We asked a few residents to provide applicants with a window into their lives, one day or one week at a time.
The following is a brief one day in the life sent by a current PGY4. Click the links below for more detailed "week in the life" examples.
Example day in the life of a current PGY4:
This morning happens to be one of my two days of outpatient continuity clinic, so I am seeing patients in clinic. Given our current pandemic, half of my appointments today are virtual and the other half in person. As a PGY4, we have the flexibility to not step out and staff cases in person, but can message our attendings (who are actively watching the encounter) when we are shifting into assessment/plan. They are able to send us a message that they agree with our plan, or they may ask us to step out and staff the case. This enables us more control and autonomy over patient care and also takes much less time. As I wrap up my four follow-ups for the morning, I drive to the hospital for lunch. We are provided $3,000 food allowance for the year and believe it or not, our hospital food is worth eating!

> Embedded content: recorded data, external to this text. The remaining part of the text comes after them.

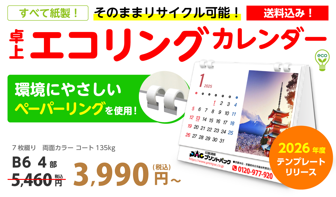 「全て紙製」のリサイクル可能なリングカレンダーです。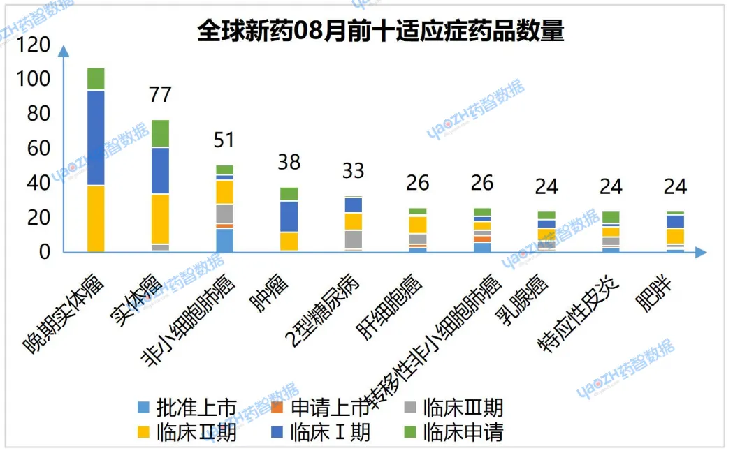 从适应症来说,8月有更新动态的698个项目中,涉及最多的适应症是晚期实体瘤,其次是实体瘤和非小细胞肺癌,以下是排名前十的适应症及其全球最高研发阶段情况,图中仅展示药品总数,具体药品内容可通过全球药物分析系统进行查看。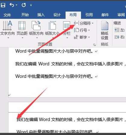 4、如果您想将某一页设置为第一页,那你定位到该页,然后点击菜单栏中的布局选项,点击工具栏的【分页符】选项。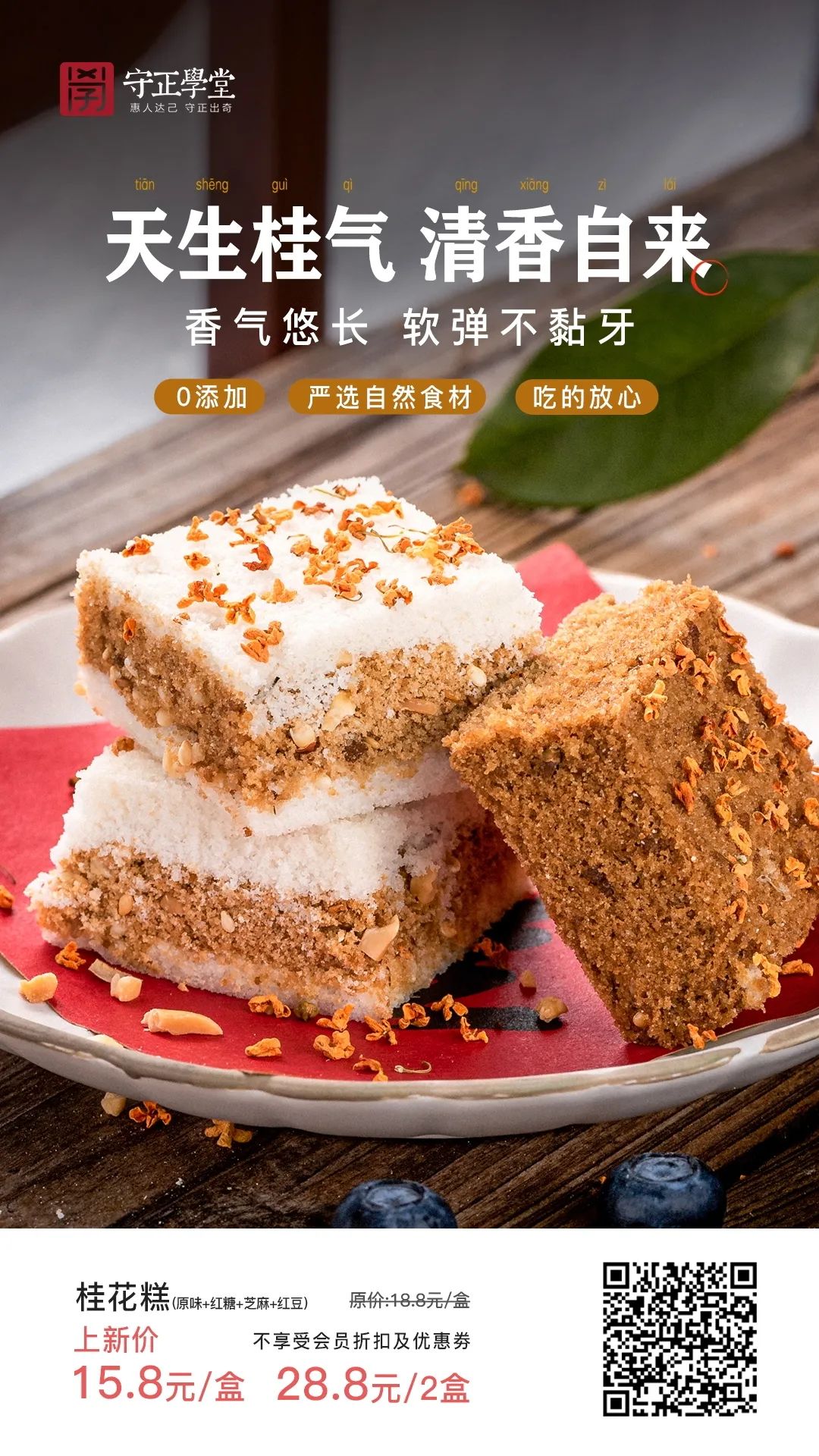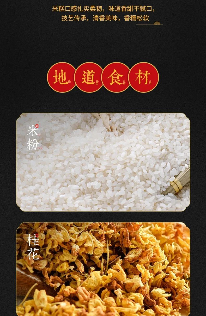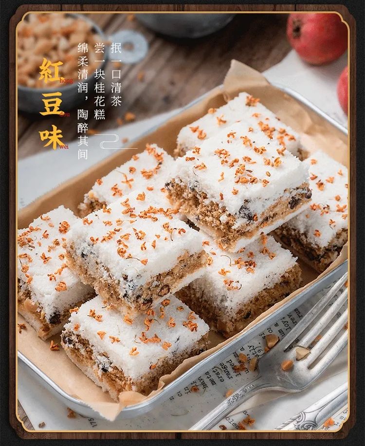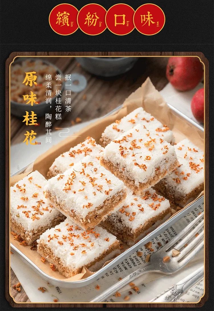 今天给大家介绍这款 ,百年工艺传承,花香扑鼻,软糯韧性十足的桂花传统米糕!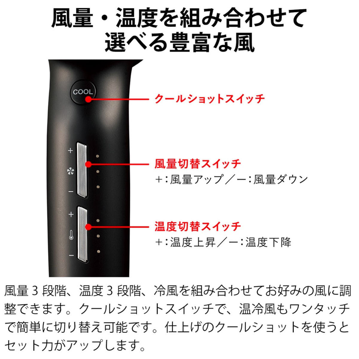 風量3段階、温度3段階、冷風を組み合わせてお好みの風に調整できます。クールショットスイッチで、温冷風もワンタッチで簡単に切り替え可能です。仕上げのクールショットを使うとセット力がアップします。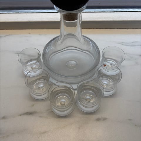 Tämä erittäin siro ja hyvin ohutta lasia oleva karahvi on ollut tuotannossa vain vuosina 1962-64. Sävy hento savun harmaa.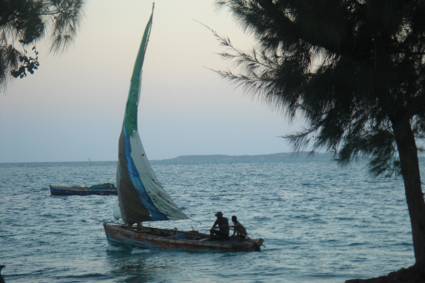 A fishing dhow glides silently past the entrance to the lodge in the late afternoon, barely a few metres offshore…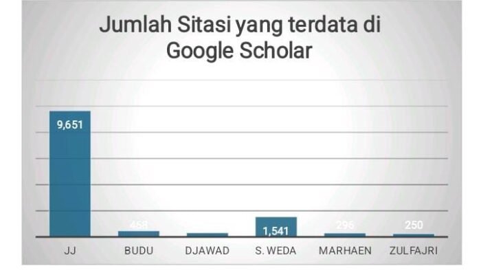 Begitu juga capaian sitasi sebagai dicatat oleh Google Scholar. Prof. JJ mencapai angka 9.651. Sementara di peringkat kedua, yaitu Prof. Sukardi Weda hanya berada di angka 1.541. Figur-figur lainnya berada di bawah angka 500, sebagaimana dapat dilihat pada grafik berikut: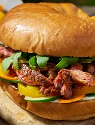 Rooster de sesamzaadjes en de pinda's droog in een pan en voeg het gerookte paprikapoeder toe. Meng het met de salade en giet er vlak voor het opdienen de dressing over.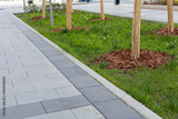 Landscaping of urban area. Mulching roots of trees growing on lawn of city park

This afternoon, I have the opportunity to work with the Designated Crisis Responders (DCR). In Washington, the DCR is the sole entity who has the ability to involuntarily detain people secondary to grave disability or risk of harm to self or others. Today, I am assigned a case that is out in the community. We spend the first hour compiling information on the case: police records, jail records, collateral from family and therapists. After having all the necessary information, we call the special mental health police unit to meet us at the patient’s residence. We stage a block away from the house and meet with the police to come up with a plan. Ambulance is called to help with transportation to the hospital if detainment is deemed necessary. In the end, this person needed to be detained for grave disability. It is wonderful to see mental health professional work in concert with police to help treat this population. In this case, motivational interviewing proved effective at getting the patient outside their house to receive further treatment.
We follow the ambulance to the hospital and help in the process of getting the patient settled in. As 5pm nears, I peel off to let the DCR finish their paperwork, retiring home to my solace on the river with my puppy. Time to re-energize the batteries before starting a completely different adventure the next day.